By that time, the storm outside was in full swing with thunder and lightning crashing around the hospital. Just as the baby’s head came out, there was an especially loud crash. It was 10:09 pm. There she was—so tiny. There was no holding her up by her feet and smacking her on the bottom. The doctor put her body, belly down, on the palm of his hand and rubbed her back. She began to whimper and then let out a lusty cry. She was no longer in her warm nest and she was letting everyone know what she thought.
The nurse took her, weighed and measured her (5 lubs 15 1/2 ozzies, 18″ long), wrapped her in a green surgical sheet and put her in my arms. DH and I were charmed. I made myself available and she started rooting around like a little kitten while the doctor busied himself with the placenta and patching me up.
As much as he had to cut me, there was a lot of stitching to do. After he was done, he tested the stitches and one popped, ‘way up inside. There was nothing to do but to leave it and hope for the best. He told me I might have problems with that someday but best case would see it heal okay.
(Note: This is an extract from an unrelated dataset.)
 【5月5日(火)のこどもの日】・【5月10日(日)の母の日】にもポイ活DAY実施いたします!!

I’ve had problems.
The nurses were amazed I had gone through a breech birth with nary a whimper. They were proud and bragged to the rest of the staff that I had been a real champion. That beautiful baby girl made everything worthwhile.
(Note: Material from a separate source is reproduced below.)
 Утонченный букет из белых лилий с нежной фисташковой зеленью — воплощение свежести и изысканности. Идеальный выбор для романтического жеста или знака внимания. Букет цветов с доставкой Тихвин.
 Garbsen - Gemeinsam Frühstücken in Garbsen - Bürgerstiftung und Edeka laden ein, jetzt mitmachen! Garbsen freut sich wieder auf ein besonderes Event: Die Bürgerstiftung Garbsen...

One of the nurses on duty on the floor was a member of our church. We’d gotten close and she said she was DD’s Nebraska grandmother. The boys had already adopted her as theirs.
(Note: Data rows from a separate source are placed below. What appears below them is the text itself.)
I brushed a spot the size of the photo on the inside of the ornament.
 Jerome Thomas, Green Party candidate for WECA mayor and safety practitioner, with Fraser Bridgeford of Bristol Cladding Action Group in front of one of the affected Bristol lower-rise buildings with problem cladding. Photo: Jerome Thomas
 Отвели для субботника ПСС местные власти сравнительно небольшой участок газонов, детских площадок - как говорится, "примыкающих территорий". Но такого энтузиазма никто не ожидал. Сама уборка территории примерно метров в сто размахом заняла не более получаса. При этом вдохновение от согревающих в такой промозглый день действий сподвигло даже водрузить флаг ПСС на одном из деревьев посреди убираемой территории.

I was moved to a room and we waited for our DD to be cleaned up and made presentable. She was brought to us “wrapped in swaddling clothes” lying in a hospital bassinet. The nurses left us alone so we could get acquainted. We unwrapped her and inspected every inch. There was a strawberry birthmark on the back of her neck up high, right at the base of her skull, and a large brown spot on one hip. She had ten fingers and ten toes and everything was where it was supposed to be.
It wasn’t long until the nurses came to take her to the nursery. I had requested rooming in but since I was having surgery on Monday to insure no more pregnancies, that was denied. They couldn’t have her sleeping in my room and then move her to the nursery during the operation. Don’t ask me why. I don’t know. We were both unhappy with the arrangement but there was nothing I could do but comply.
DH had to go home and get some rest before he came back in the morning. It was a long drive back and it was already late. But, next day, what a tale my mother had to tell!